Scegli la tripsina come enzima di digestione nella scheda di digestione. Nella scheda di quantificazione senza etichette, aggiungere l'opzione LFQ e se devono essere elaborati più di 10 file, scegliere l'opzione LFQ veloce per ridurre i tempi di elaborazione. Garantire che tutti gli altri parametri specifici del gruppo rimangano nelle impostazioni di fabbrica.
Passare alla scheda parametri globali e aggiungere il file FASTA derivato da uniprot. org nella scheda Sequenze. Modificare di conseguenza la regola dell'identificatore.
E aggiungi l'ID tassonomia 9606 per Homo sapiens. Per la quantificazione delle proteine scegliere peptidi unici e rasoio. Quindi aggiungi l'opzione iBAQ come misura per la quantificazione delle proteine nella scheda di quantificazione senza etichetta.
Assicurarsi che tutti gli altri parametri globali rimangano nelle impostazioni di fabbrica e fare clic su Start. Dopo che l'analisi è stata eseguita con successo recuperare i gruppi proteici. Output txt.
Caricare i gruppi proteici. txt nel software di analisi. Aggiungi i valori iBAQ come colonne principali e ordina tutte le altre colonne in base al loro tipo.

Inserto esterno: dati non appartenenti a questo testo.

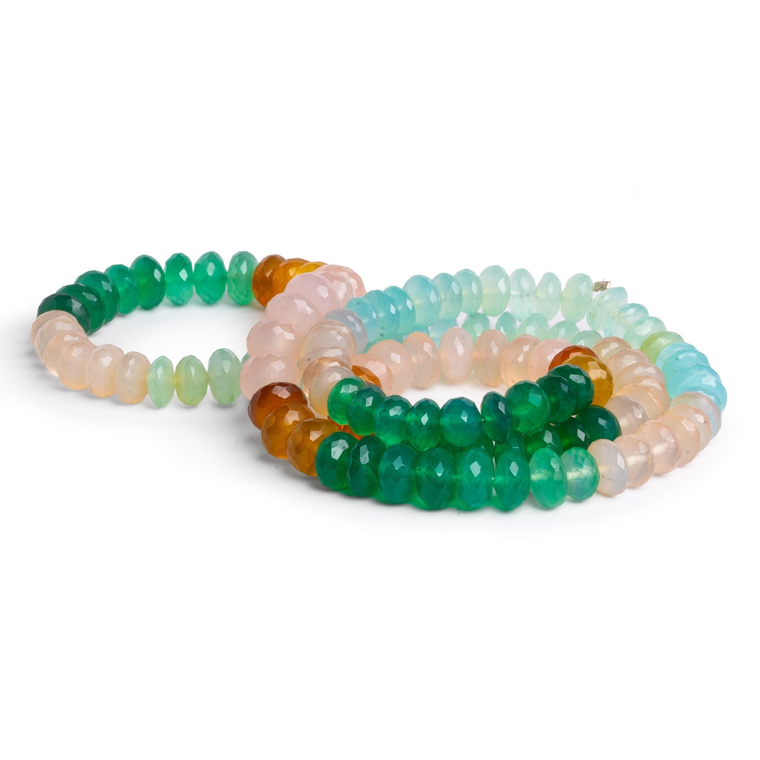 Bring an infusion of lively color and precision craftsmanship to your jewelry designs with these Multi Gemstone German Faceted Rondelle Beads. Measuring between 6.5mm and 8mm, each bead is cut with fine German faceting, giving them a crisp brilliance that enhances the natural beauty of their tones. This strand features a striking palette of gemstones in greens, teals, honeyed yellows, warm ambers, and soft blush hues, making it a versatile choice for bold or subtle creations alike.

Filtrare le esche e i contaminanti filtrando le righe in base alla colonna categorica e filtrare i risultati in base a valori validi. Esportare l'output in formato txt per ulteriori elaborazioni. E valutare i risultati relativi alla domanda di ricerca.

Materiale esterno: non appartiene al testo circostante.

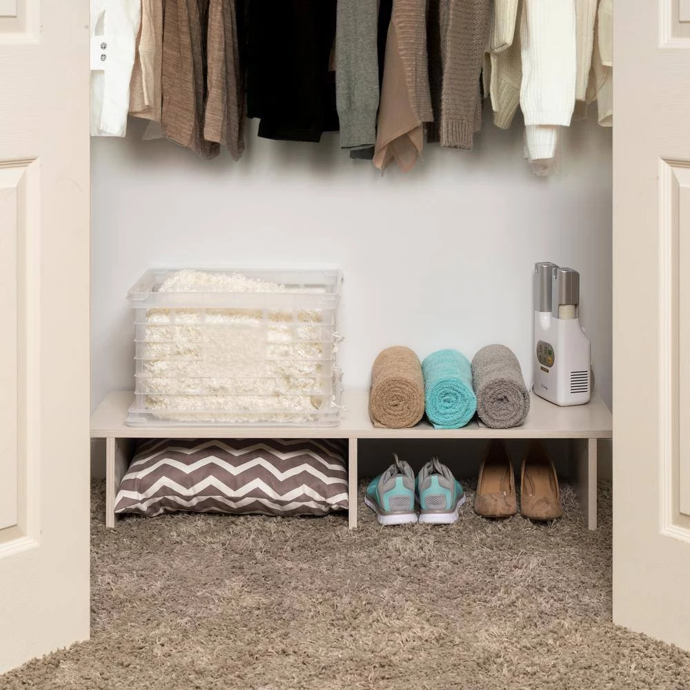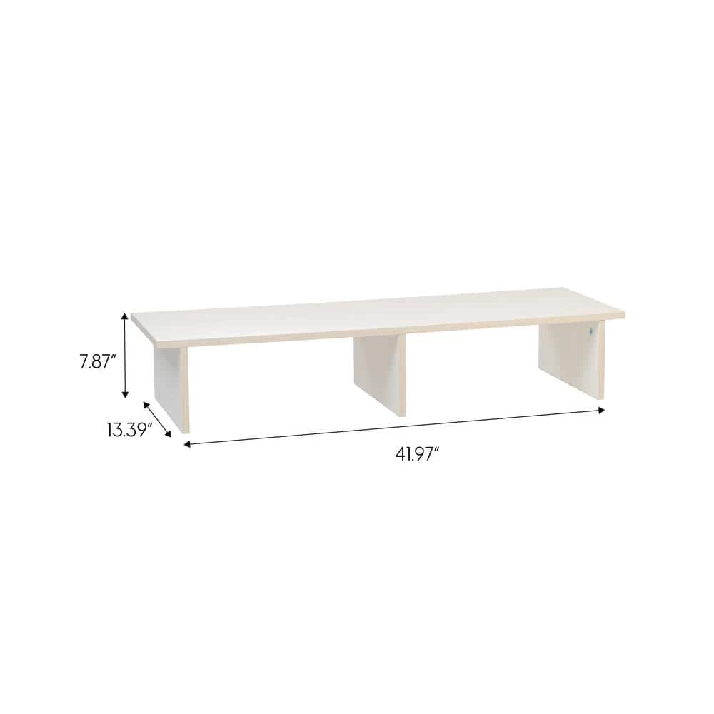 These IRIS large 1-tier organizer shelves help you create the perfect organizational system. Multi-purpose riser is sturdy and creates the ideal solution for use as a small TV stand, computer riser, bookshelf, or more. Whether used as a media organizer, shoe shelf, or laptop holder, the classic design offers functionality and style in 1 easy to assemble storage shelf. Large risers can hold up to 44 lbs. Available in multiple colors. Assembly required. Compliant with CARB Regulation 93120 – Phase 2.

Nel presente studio, 1.898 gruppi proteici sono stati identificati in NMG e 1.565 sono stati identificati nel tessuto SN circostante di cui 1.384 sono stati identificati in entrambe le aree tissutali. Pertanto, 514 e 181 gruppi proteici sono stati identificati esclusivamente nei NMG e nel tessuto SN rispettivamente. Nelle misurazioni rappresentative DDA.
Valori di iBAQ leggermente più alti negli NMG rispetto a SN indicavano una maggiore abbondanza della proteina citoplasmatica dinien-1, catena pesante 1 negli NMG. Questa osservazione potrebbe essere verificata in esperimenti PRM per il peptide ESPEVLLTLDILK. In cui è stata rilevata una maggiore abbondanza di NMG.

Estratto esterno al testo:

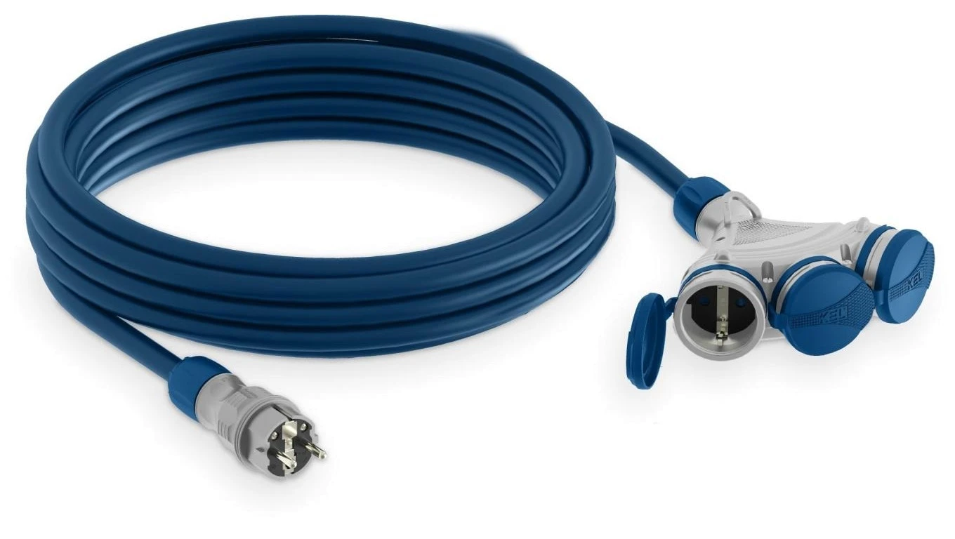 Przedłużacz budowlany 3-gniazda z/u 10m /H07BQ-F 3x2,5/ IP54 szary/niebieski W-01182
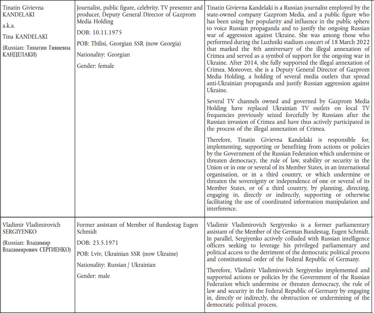 В частности, под санкции попали бывшая ведущая шоу "Самый умный", а ныне заместитель гендиректора "Газпром-медиа" Тина Канделаки, родившийся во Львове бывший помощник депутата Бундестага Владимир Сергиенко, российский политолог Тимофей Бордачев, певица Лариса Долина, офицеры ГРУ, ФСБ и сотрудница администрации Владимира Путина.
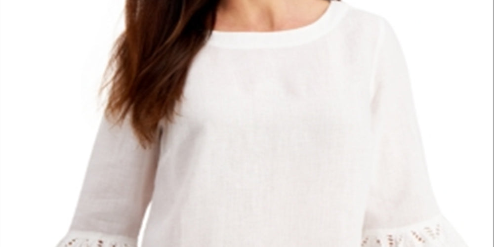 Charter Club Blusa feminina com manga sino e ilhós, branca, tamanho médio

In base all'area di picco a livello MS1 e MS2. Il passo più importante è di gran lunga l'isolamento degli NMG, poiché il resto del protocollo si basa su questo passaggio da eseguire correttamente. Dopo la procedura LMD, i campioni possono essere utilizzati e ulteriormente elaborati per qualsiasi tipo di tecnica omica come genomica, trascrittomica, proteomica o lipidomica.